Calipash is a special connective tissue on the carapace posterior margin of Chinese Soft-Shell turtle (Pelodiscus sinensis), which is closely related to the stress resistance and nutritional value deposition of P. sinensis. However, previous studies lack knowledge about calipash development, thus its developmental regulation mechanisms are still unclear. In this study, transcriptomics and proteomics analysis of calipash at TK17-TK19 embryonic stages of P. sinensis were used to explore the mechanisms that regulate calipash development. Function analysis of DEGs and DEPs revealed that PI3K-Akt and TGF-beta signaling pathways were significantly related to calipash development. The gene knockdown experiments further validated the regulatory mechanisms of two pathways in calipash development. Results revealed that the PI3K-Akt and TGF-beta signaling pathways jointly participate in regulating the proliferation of calipash cells and the type I collagen anabolism. Our results provided novel insights for understanding of the developmental regulation mechanism of the P. sinensis calipash tissue.

查看原文本刊更多论文

转录组学和蛋白质组学的综合分析提示，PI3k-Akt和tgf - β信号通路可能协同调节胚胎期中华鳖的哈里发发育。

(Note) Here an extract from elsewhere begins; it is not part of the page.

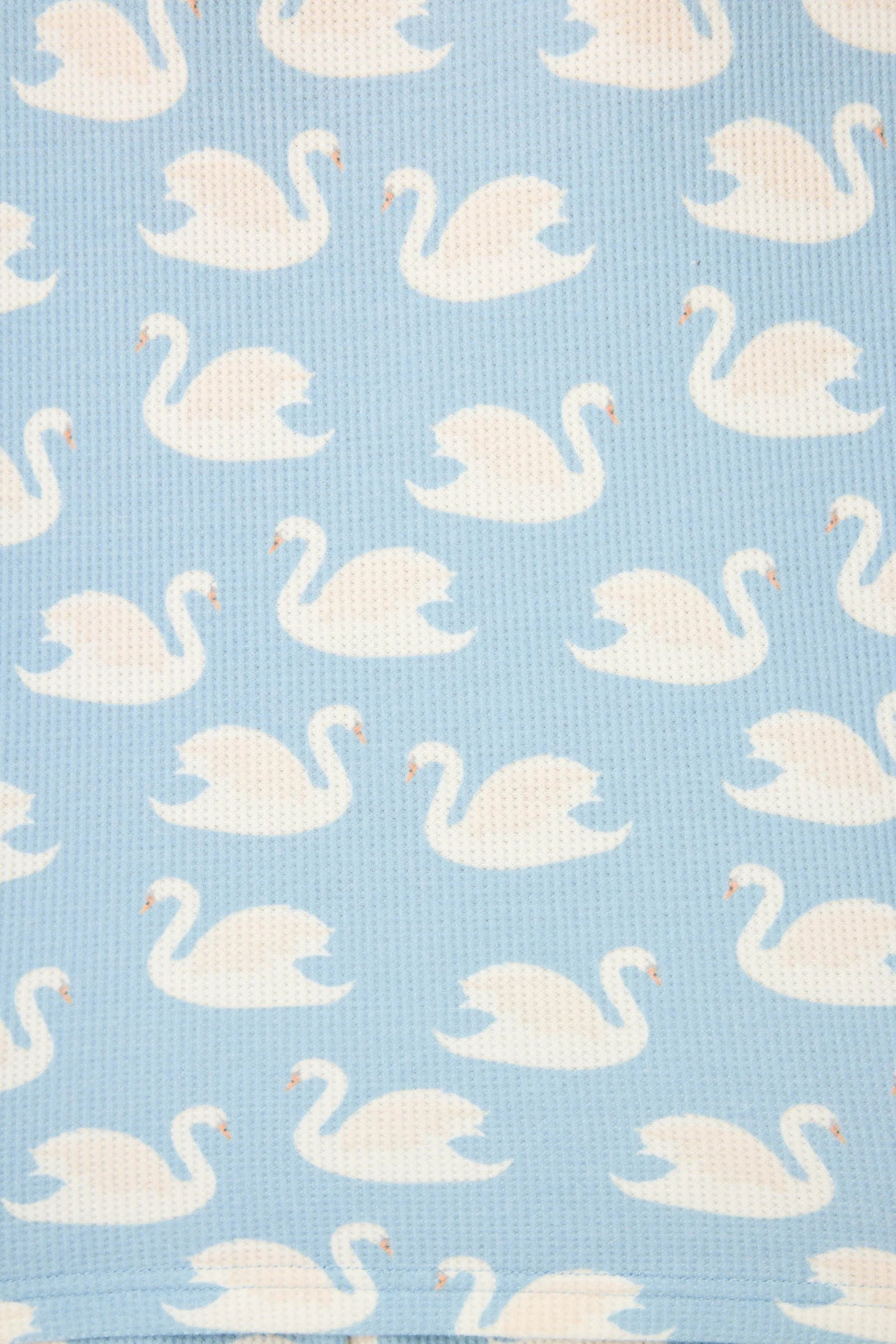 Women’s blue 2-piece boxer short set with swan print in baby peachy waffle fabric featuring a long sleeve top and boxer shorts.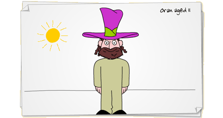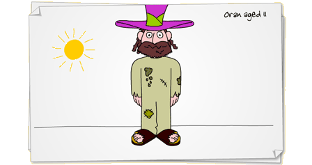 I think he was tall and very skinny and he had ginger hair and he had green clothes and a tall green top hat with a wee buckle on it.

腹皮是中华软壳龟甲壳后缘的一种特殊结缔组织，与中华软壳龟的抗逆性和营养价值沉积密切相关。然而，以往的研究缺乏对哈里发发育的认识，其发育调控机制尚不清楚。本研究通过对中华对虾TK17-TK19胚胎期calipash的转录组学和蛋白质组学分析，探讨了calipash发育的调控机制。DEGs和DEPs的功能分析显示，PI3K-Akt和tgf - β信号通路与哈里发发育显著相关。基因敲低实验进一步验证了哈里发发育中两条通路的调控机制。结果显示，PI3K-Akt和tgf - β信号通路共同参与调节哈里发细胞的增殖和I型胶原的合成代谢。本研究结果为了解中华水杨组织发育调控机制提供了新的思路。

本文章由计算机程序翻译，如有差异，请以英文原文为准。

求助全文

约1分钟内获得全文求助全文

来源期刊

Genomics 生物-生物工程与应用微生物

CiteScore

9.60

自引率

2.30%

发文量

260

审稿时长

60 days

期刊介绍： Genomics is a forum for describing the development of genome-scale technologies and their application to all areas of biological investigation. As a journal that has evolved with the field that carries its name, Genomics focuses on the development and application of cutting-edge methods, addressing fundamental questions with potential interest to a wide audience. Our aim is to publish the highest quality research and to provide authors with rapid, fair and accurate review and publication of manuscripts falling within our scope.